Tidak tercapainya 100% persentase planlet hidup pada media tanam 3 dan 6
dikarenakan adanya sabut kelapa yang kurang dalam mempertahankan air. Planlet
anggrek dapat tumbuh dengan baik apabila kelembaban sekitar mencukupi dan hal ini
kurang terpenuhi pada media tanam 3 dan 6.

3. SIMPULAN
Aklimatisasi adalah proses dan tahap dalam teknik kultur jaringan guna
membantu planlet untuk beradaptasi di lingkungan non steril. Planlet yang ditanam
dengan cara kultur jaringan menyebabkan perkembangan sel-sel penjaga terhambat,
lapisan lilin (kutikula) yang tidak tumbuh dengan baik, lignin pada dinding sel
batang kurang, sel-sel palisade sedikit, dan jaringan pembuluh dari akar ke pucuk
kurang berkembang dan stomata tidak berfungsi dengan baik. Dalam proses
aklimatisasi yaitu konsentrasi karbohidrat (gula) perlu diperhatikan karena
pengurangan konsentrasi gula pada media tanam dapat menurunkan perkembangan
organisme yang dapat mengontaminasi tanaman melalui wadah sehingga persentase
kematian tanaman dalam proses aklimatisasi dapat semakin rendah. Penggunaan
paclobutrazol pada planlet berfungsi mengurangi jumlah lubang stomata,
meningkatkan lilin epikutikular, menyebabkan batang memendek dan akar menebal.

4. DAFTAR PUSTAKA
Ababil MA, Budiman, Azmi TKK. 2021. Aklimatisasi planlet pisang cavendish dengan
beberapa kombinasi media tanam. Jurnal Pertanian Presisi. 5 (1): 57-70.

Chandra S., Randopadhyay R., Kumar V., Chandra R. 2010. Acclimatization of tissue
culture planlets: from laboratory to land. Biotechnol Lett. 32: 1199-1205.

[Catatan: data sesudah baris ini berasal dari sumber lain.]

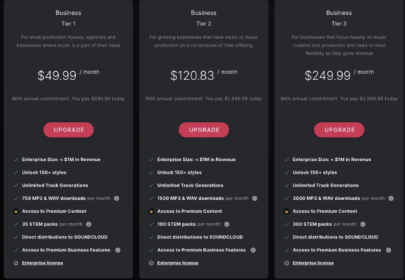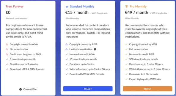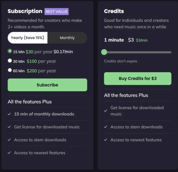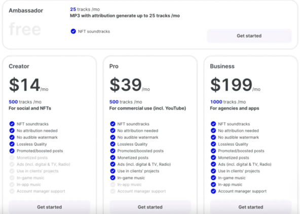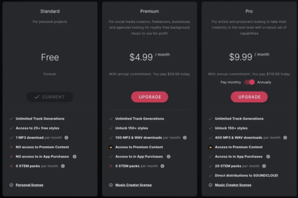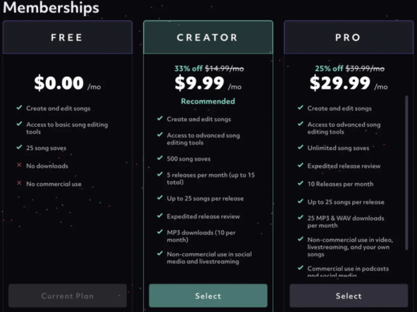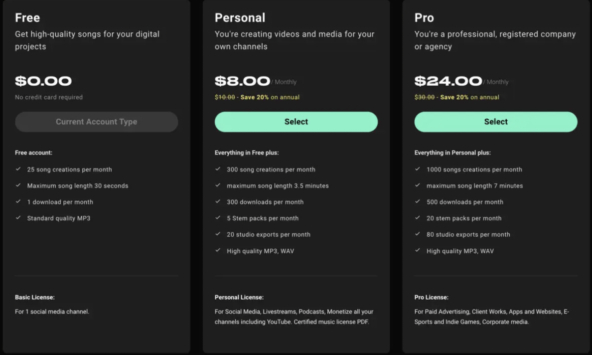 У сервиса есть бесплатный режим с неограниченной генерацией в более чем 25 стилях, но без скачивания. Платные тарифы (от $4,99 в месяц) дают доступ к большему количеству стилей, загрузке треков и их использованию. За $9.99 в месяц добавляется возможность публиковать творчество на SoundCloud.
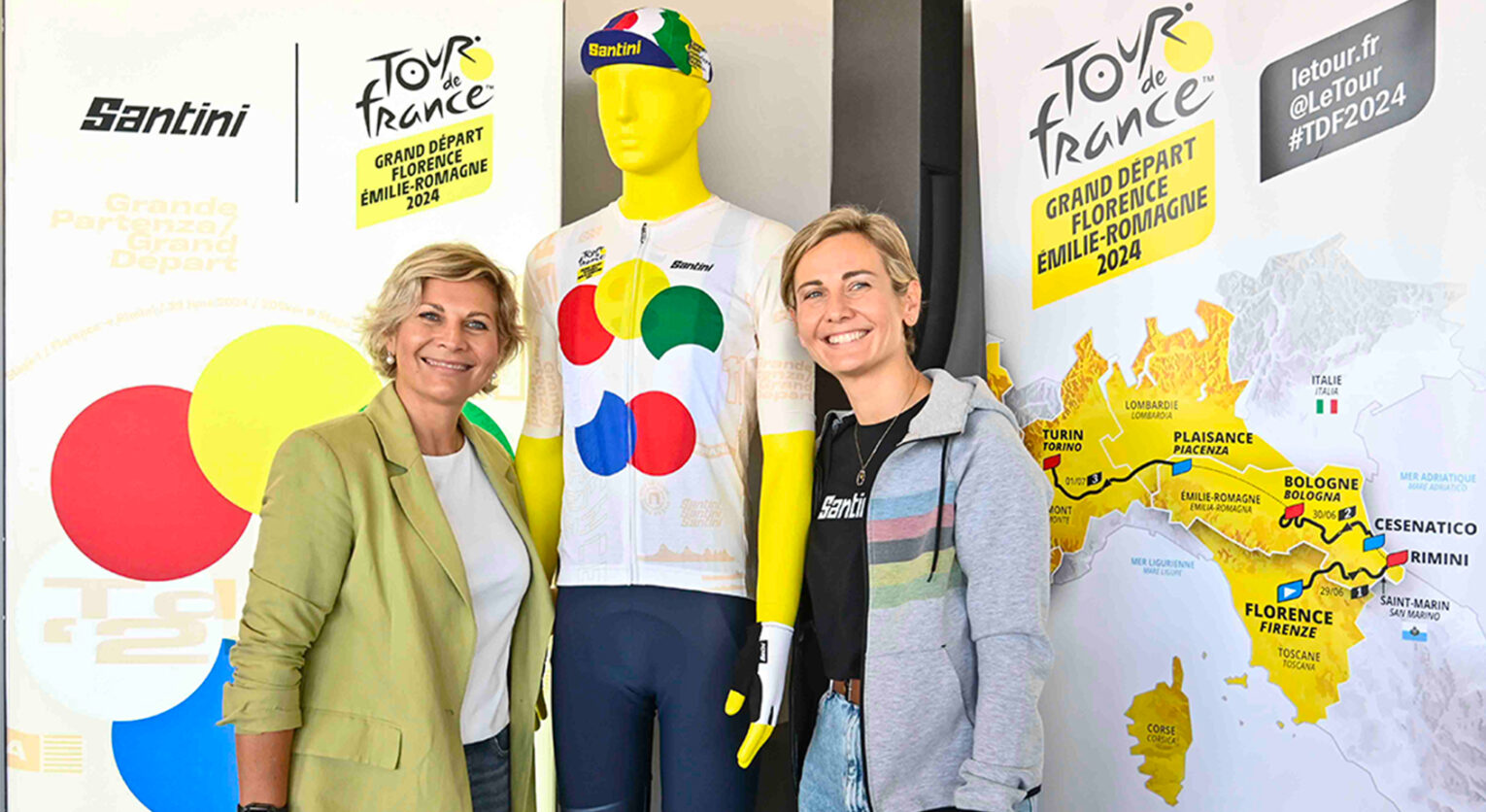 Per celebrare l’attesissima partenza del Tour de France 2024 in Italia, Santini ha creato un completo che unisce i colori francesi a quelli della bandiera italiana. In occasione delle prime tre tappe (Firenze-Rimini, 28 giugno; Cesenatico-Bologna, 30 giugno; Piacenza–Torino, 1 luglio), l’azienda bergamasca ha disegnato il kit Grand Départ che racconta la vicinanza tra Francia e Italia: due Paesi uniti per l’avvio della Grand Boucle. In apertura, Paola e Monica Santini in occasione della presentazione avvenuta in concomitanza della conferenza stampa organizzata dalla Regione Emilia Romagna durante l’Italian Bike Festival a Misano Adriatico.

Erfa L, Maulida D, Sesanti RN, Yuriansyah. 2019. Keberhasilan aklimatisasi dan


pembesaran bibit kompot anggrek bulan (Phalaenopsis) pada beberapa
kombinasi media tanam. Jurnal Penelitian Pertanian Terapan. 19 (2): 121-126

Parnidi dan Budi US. 2012. Keragaan klon klon ABACA (Musa textilis Nee) hasil
kultur in-vitro pada fase aklimatisasi. Seminar Nasional Pendidikan dan Saintek
2016 (ISSN: 2557-533X). Malang (ID); Balai Penelitian Tanaman Pemanis dan
Serat.

Purmadewi GC, Wulandari AS, Damayanti RU. 2019. Pengaruh metode pengakaran
dan media aklimatisasi terhadap keberhasilan aklimatisasi tembesu (Fagraea
fragrans (Roxb.) Miq.). Jurnal Perbenihan Tanaman Hutan. 7 (1): 1-12.

Rai SP., Wiendi NMA., Krisantini. Optimasi produksi bibit tanaman kentang (Solanum
tuberosum) kultivar Granola dengan teknik fotoautrotofik. Bul. Agrohorti. 3(1):
28-38.

Sandra E. 2013. Cara Mudah Memahami dan Menguasai Kultur Jaringan Skala Rumah
Tangga. Bogor (ID): IPB Press.

Slamet. 2011. Perkembangan teknik aklimatisasi tanaman kedelai hasil regenerasi


kultur in vitro. Jurnal Litbang Pertanian, 30(2);48-54.